La digestione dei lipidi è il processo più lungo, per cui il picco di concentrazione plasmatica dei lipidi si ha
numerose ore dopo che è stato raggiunto il picco della concentrazione plasmatica ad esempio del glucosio
o delle proteine. Soprattutto per la vitamina D si è visto che la sua concentrazione plasmatica raggiunge il
picco 12 ore dopo i pasti, per poi ritornare ai valori normali.

Nel fegato la vitamina, laddove non fosse stata introdotta in forma idrossilata, può subire la reazione di
idrossilazione e poi nei reni la seconda. Ma quest’evenienza è poco frequente.

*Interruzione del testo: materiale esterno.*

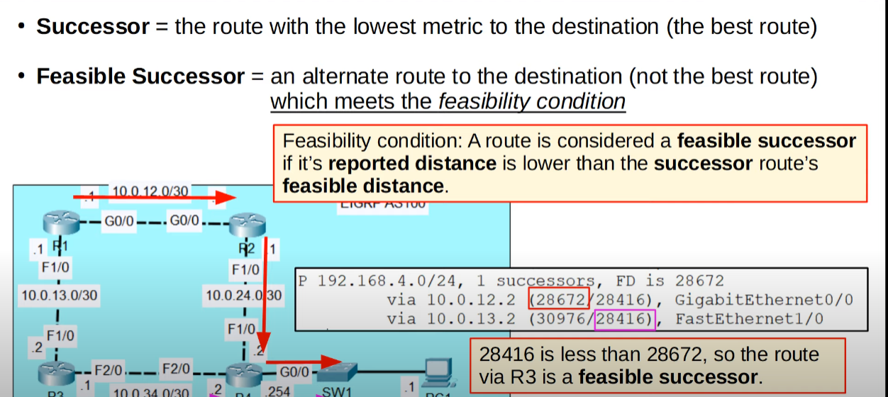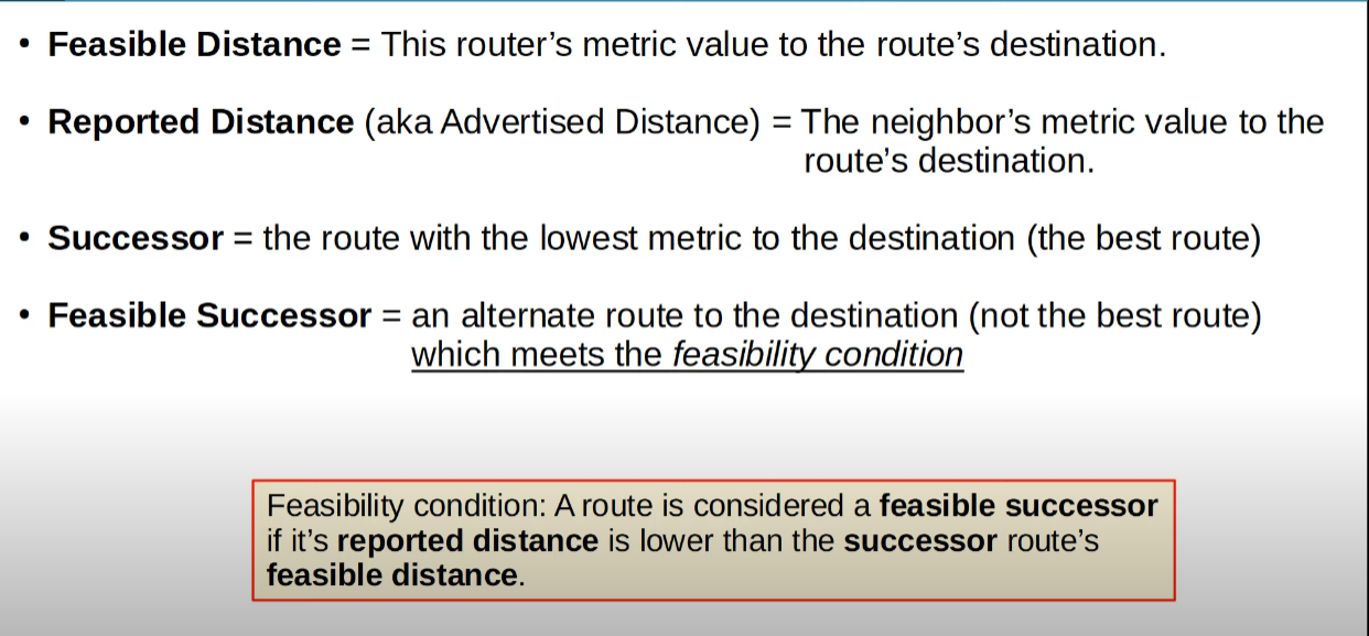 - Feasible Sucessor: It a alternate route to the destination (not the best route). It must meet the feasibility condition: its reported distance must be lower than the successor’s feasible distance

L’assorbimento avviene come per la vitamina A, cioè viene incorporata nei chilomicroni all’interno degli
enterociti e poi trasportata sottoforma di chilomicroni remnantes al fegato dove subisce idrossilazione con
formazione 25- IDROSSICOLECALCIFEROLO, il quale passa nella circolazione generale e si lega a specifica
proteina trasportatrice (DBP) che la porta al rene dove può subire 2 reazioni di idrossilazione che danno
origine ad una componente attiva o inattiva Funzione biologica: regolazione Ca2+ a livello renale, favorisce
riassorbimento, favorisce assorbimento intestinale, favorisce processi mineralizzazione osso. Questa
azione viene favorita grazie alla sua capacità di legarsi ad un recettore nucleare e favorire la produzione di
proteine trasportatrici del Ca2+. Oltre che metabolismo Ca2+ la vitamina D sembra importante nella
riduzione rischio malattie cardiovascolari – diabete I – malattie infettive. Ciò sembra essere dovuto al fatto
che tutte le cellule dell’organismo hanno un recettore per la vitamina D. A determinare la quantità di
fosfato di calcio presente, quindi il grado di mineralizzazione delle ossa, provvedono osteoclasti e
osteoblasti. Gli osteoclasti sono le cellule deputate al riassorbimento delle ossa, ovverosia degradano il
fosfato di calcio liberando calcio e fosfato, che così dalle ossa dove erano depositate possono attraverso il
sangue raggiungere poi il circolo, e quindi confluire e andare a modificare la concentrazione plasmatica di
entrambi gli ioni.
Contemporaneamente si riduce l’attività degli osteoblasti, che sono le cellule deputate alla mineralizzazione
e alla deposizione di fosfato di calcio nella matrice extracellulare. Quindi se aumenta l’attività e il numero
degli osteoclasti, si riduce l’attività degli osteoblasti il risultato complessivo sarà una riparazione di fosfato
di calcio dalle ossa, quindi una demineralizzazione e il passaggio di calcio in circolo, con un suo apporto
all’aumentare la ridotta concentrazione plasmatica

Dose raccomandata: non perfettamente nota in quanto difficile stabilire la quantità derivante dalla normale
esposizione al sole. Per soggetti con impossibilità di esposizione assunzione giornaliera raccomandata: 0 –
10 μg/die.

Carenza D: diminuzione livelli Ca2+ ematico e conseguente ipertiroidismo secondario, in quanto bassi livelli
plasmatici Ca2+ stimolano produzione di paratormone. Stabili bassi valori Ca2+ inducono continua
produzione di paratormone. Gli effetti in seguito a carenza possono essere: alterazione processi
mineralizzazione (rachitismo nel bambino), debolezza muscolare e deformazioni ossee e dolori.

Eccesso D: tossicità acuta – cronica.